DIRECTIONS ▸
Output the run of lines that opens with the first line of the material below and closes with the line containing "The County Commission", both included, and drop the pictures.

INPUT DATA ▸
- - -
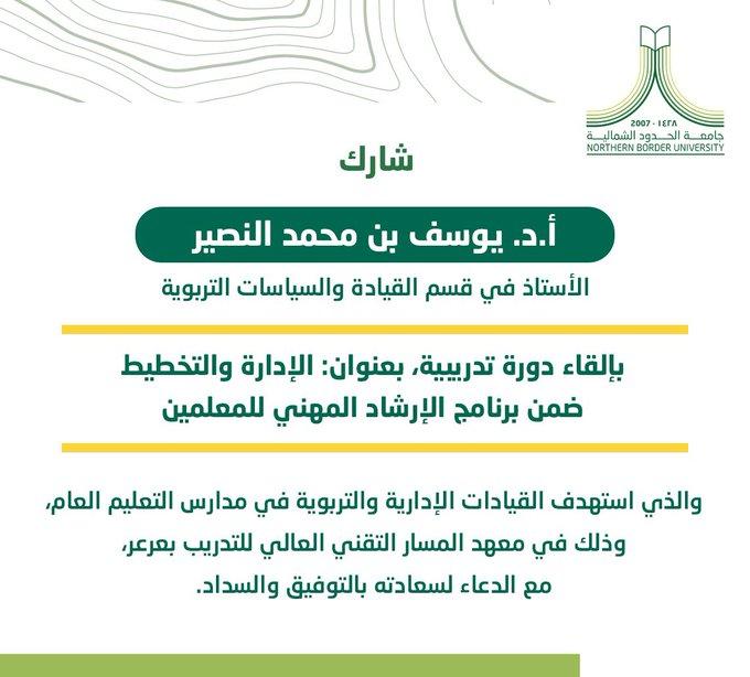 شارك سعادة أ.د.يوسف بن محمد النصير، الأستاذ في قسم القيادة والسياسات التربوية بكلية العلوم الإنسانية والاجتماعية في #جامعة_الحدود_الشمالية؛ بإلقاء دورة تدريبية، بعنوان: الإدارة والتخطيط؛ ضمن برنامج الإرشاد المهني للمعلمين، والذي استهدف القيادات الإدارية والتربوية في مدارس التعليم العام، وذلك في معهد المسار التقني العالي للتدريب بعرعر، مع الدعاء لسعادته بالتوفيق والسداد.
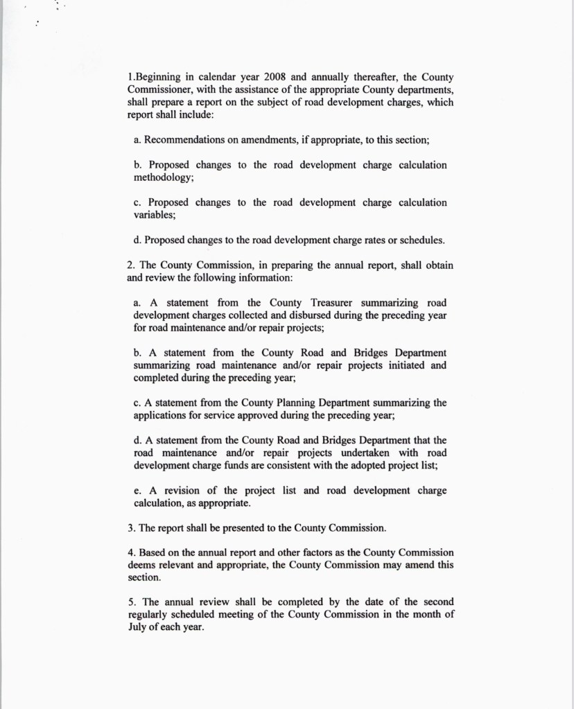 The County Commission has to prepare an annual report on Road Development Charges in July of each year. Which lucky Commissioner is going to be put in charge of that homework assignment?
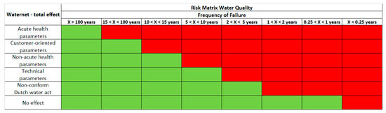 The central component of most IAM frameworks and tools is the risk matrix that provides a “dashboard” for IAM decision-making. Risk matrices are widely promoted in risk management standards and reference books and are used in a number of different disciplines like disaster risk management, production management, defence applications, logistics, etc. [34]. A risk matrix formulated to assess water-quality-related risk [35] is shown in Figure 1. The green-coloured cell indicates low-risk and no further action is required, whereas the red cells indicate high-risk and actions have to be taken to reduce those. Risk matrices are both lauded and criticized for their appropriateness in decision-making [36,37]. According to Talbot [37], some of the advantages in using risk matrices are (i) robustness in decision-making; (ii) consistency in prioritizing risks; (iii) keeping the focus on high-priority risks; and (iv) presenting complex risk data in a concise visual fashion. However, risk matrices are blamed for poor resolution, errors in mistakenly assigning high qualitative ratings to smaller risks, suboptimal resource allocation, and ambiguity [36].
- - -
EXERCISE SOLUTION ▸
 شارك سعادة أ.د.يوسف بن محمد النصير، الأستاذ في قسم القيادة والسياسات التربوية بكلية العلوم الإنسانية والاجتماعية في #جامعة_الحدود_الشمالية؛ بإلقاء دورة تدريبية، بعنوان: الإدارة والتخطيط؛ ضمن برنامج الإرشاد المهني للمعلمين، والذي استهدف القيادات الإدارية والتربوية في مدارس التعليم العام، وذلك في معهد المسار التقني العالي للتدريب بعرعر، مع الدعاء لسعادته بالتوفيق والسداد.
 The County Commission has to prepare an annual report on Road Development Charges in July of each year. Which lucky Commissioner is going to be put in charge of that homework assignment?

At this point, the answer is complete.